Start of Supplied data
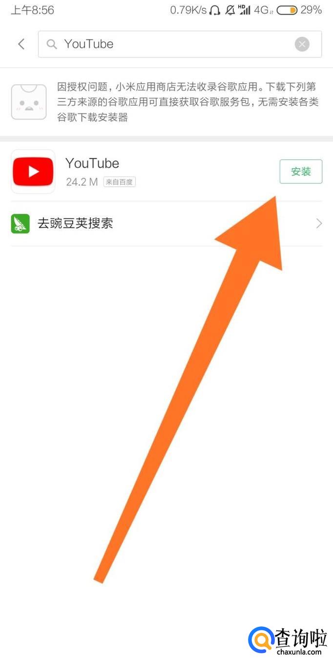 进入“应用商店”后,在搜索栏输入任意一款谷歌应用名称,在这里我们输入“YouTube”,然后点击搜索图标。
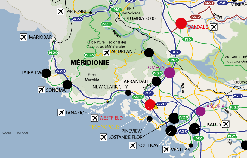 Ville ancienne : AkalinaAkasakiAntamiAntariaApolineApolticaApoltipolisArrandaleBeaufort la NouvelleDoramasEslandiasFairviewFukuotaHarlanHitoshinpûHunriseIzumoKalosKamitoshiLa Crescenta-MontroseLeikleLos ApachesLybriaMariobarMataroMérydileMontisimsMoquannesNeverlandNorthmoundNew Clark CityNouvelle-EspérancePalmierePineviewRéaumurSaint-Artis-en-CanyonSan VergaraScrinderSloapsSoutnaySpringfieldTalgin TownTanaziofTarbonneTechnopolisTerra NovaTossa BlancaTha BayVenitiasWakashimaWestfieldZoeltendam
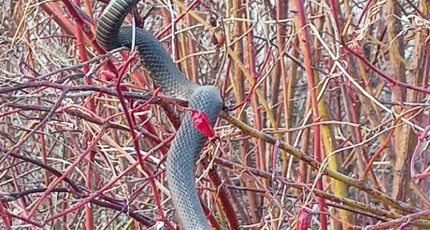 Фото сообщества "ПОДСЛУШАНО | КИРОВО-ЧЕПЕЦК"В комментариях поделились фото другой змеи. 19 апреля, на набережной города удалось встретить ужа. Змея висела на кустах около пешеходной дорожки.
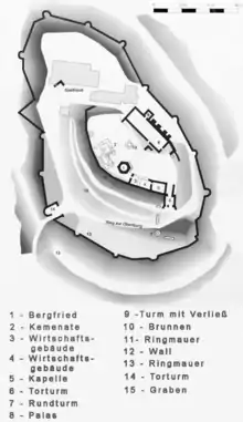 The castle comprises an upper and lower wards. The upper ward lies on an oval plateau, 45 metres × 80 metres in area. Here there are various residential and domestic buildings, towers and the castle well, surrounded by a 1.6-metre-thick (5.2 ft) enceinte. In a residential building measuring 10 metres × 8.5 metres is a ladies' apartment (Kemenate) an old hot air heating system was uncovered during excavations. A little below the inner ward there is a 32-metre × 8-metre palas, with its great hall, as well as a neighbouring tower and dungeon.
End of Supplied data
Description of the task:
Every line above should be repeated exactly; pictures stay out of the copy.

Exercise output:
 进入“应用商店”后,在搜索栏输入任意一款谷歌应用名称,在这里我们输入“YouTube”,然后点击搜索图标。
 Ville ancienne : AkalinaAkasakiAntamiAntariaApolineApolticaApoltipolisArrandaleBeaufort la NouvelleDoramasEslandiasFairviewFukuotaHarlanHitoshinpûHunriseIzumoKalosKamitoshiLa Crescenta-MontroseLeikleLos ApachesLybriaMariobarMataroMérydileMontisimsMoquannesNeverlandNorthmoundNew Clark CityNouvelle-EspérancePalmierePineviewRéaumurSaint-Artis-en-CanyonSan VergaraScrinderSloapsSoutnaySpringfieldTalgin TownTanaziofTarbonneTechnopolisTerra NovaTossa BlancaTha BayVenitiasWakashimaWestfieldZoeltendam
 Фото сообщества "ПОДСЛУШАНО | КИРОВО-ЧЕПЕЦК"В комментариях поделились фото другой змеи. 19 апреля, на набережной города удалось встретить ужа. Змея висела на кустах около пешеходной дорожки.
 The castle comprises an upper and lower wards. The upper ward lies on an oval plateau, 45 metres × 80 metres in area. Here there are various residential and domestic buildings, towers and the castle well, surrounded by a 1.6-metre-thick (5.2 ft) enceinte. In a residential building measuring 10 metres × 8.5 metres is a ladies' apartment (Kemenate) an old hot air heating system was uncovered during excavations. A little below the inner ward there is a 32-metre × 8-metre palas, with its great hall, as well as a neighbouring tower and dungeon.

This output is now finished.